Ferroptosis level detection
Glutathione Assay Kits (Cat no. K264, Biovision, USA) were employed in accordance with the manufacturer’s instructions to assess the glutathione (GSH) levels in U87 and LN229 cells. The levels of MDA were detected in U87 and LN229 cells using the Lipid Peroxidation (MDA) Assay Kit (Cat no. RK05818; Abconal, Wuhan, China), while the iron concentrations were analyzed utilizing an Iron Assay Kit (Cat no. ab83366, Abcam, USA). Glutathione peroxidase (GPX) activity detection kit (Cat no. BC1190, Solarbio, Beijing, China) was used to detect the total activity of GPX in U87 and LN229 cells.
ROS detection
The cells were seeded in triplicate in 6-well plates and cultured until reaching 80% confluence. To quantify the levels of reactive oxygen species (ROS) in the entire cell population, the cells were cultured in fresh DMEM for 24 h and stained with 10 μM of 2′,7′-dichlorodihydrofluorescein diacetate (DCFH-DA; Invitrogen, USA). Flow cytometry was employed to assess the ROS levels, and the data were analyzed using FlowJo software (version: 7.4.1).

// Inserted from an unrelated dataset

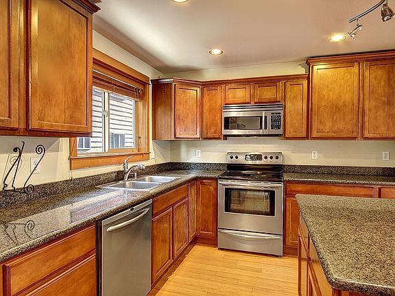 Quality built & west facing zero lot line townhomes just minutes to downtown, UW & major freeways. Around the corner from Licton Springs Park & neighborhood conveniences. Main level open-concept living space w/ bamboo floors, great natural light & 1/2 bath. Kitchen features birch cabinets, stainless steel appliances & slab granite counters. Upper level in/c two bedrooms with vaulted ceilings & tiled full bath. Lower level 3rd bedroom/office. Large attached garage w/room for storage. No HOA!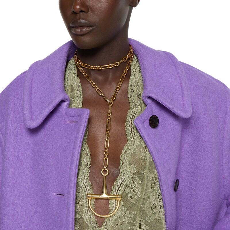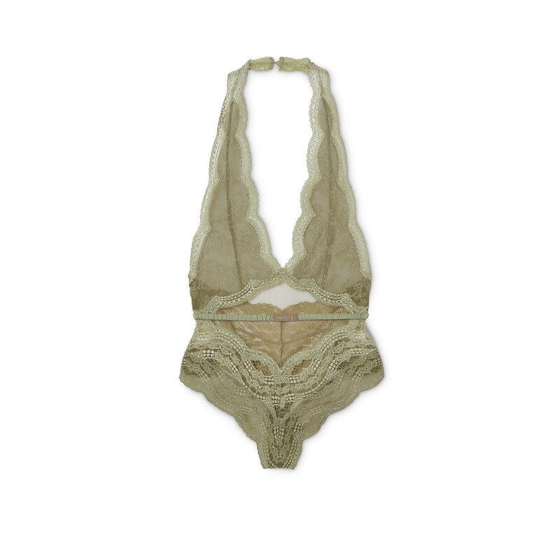 2025秋冬系列中的这款连体衣采用绿色弹力花卉蕾丝薄纱匠心打造。选用深V领设计,可拆卸褶饰松紧腰带搭配Gucci金属搭扣更添考究细节。

In vitro biological function experiments
The cell proliferation and colony formation were detected using CCK-8, colony formation and EDU assay. In the CCK-8 assays, U87 and LN229 cells were seeded in triplicate in 96-well plates at a density of 5 × 103 cells per well. After 48 h of culturing, 10 μL of CCK-8 solution was added to each well and incubated for 2 hours. Subsequently, the absorbance of each well was measured at 450 nm using a microplate reader. For the colony formation assays, U87 and LN229 cells were seeded in triplicate in 6-well plates at a density of 1 × 103 cells per well. After 12 days of incubation, the culture medium was removed, and the cell colonies were fixed with paraformaldehyde and stained with crystal violet. The condition of the cell colonies in each well was documented and quantified. The EDU assays were performed using the BeyoClick™ EdU-488 Cell Proliferation Assay Kit (Cat no. C0071S) according to the instruction book provided by manufacturer.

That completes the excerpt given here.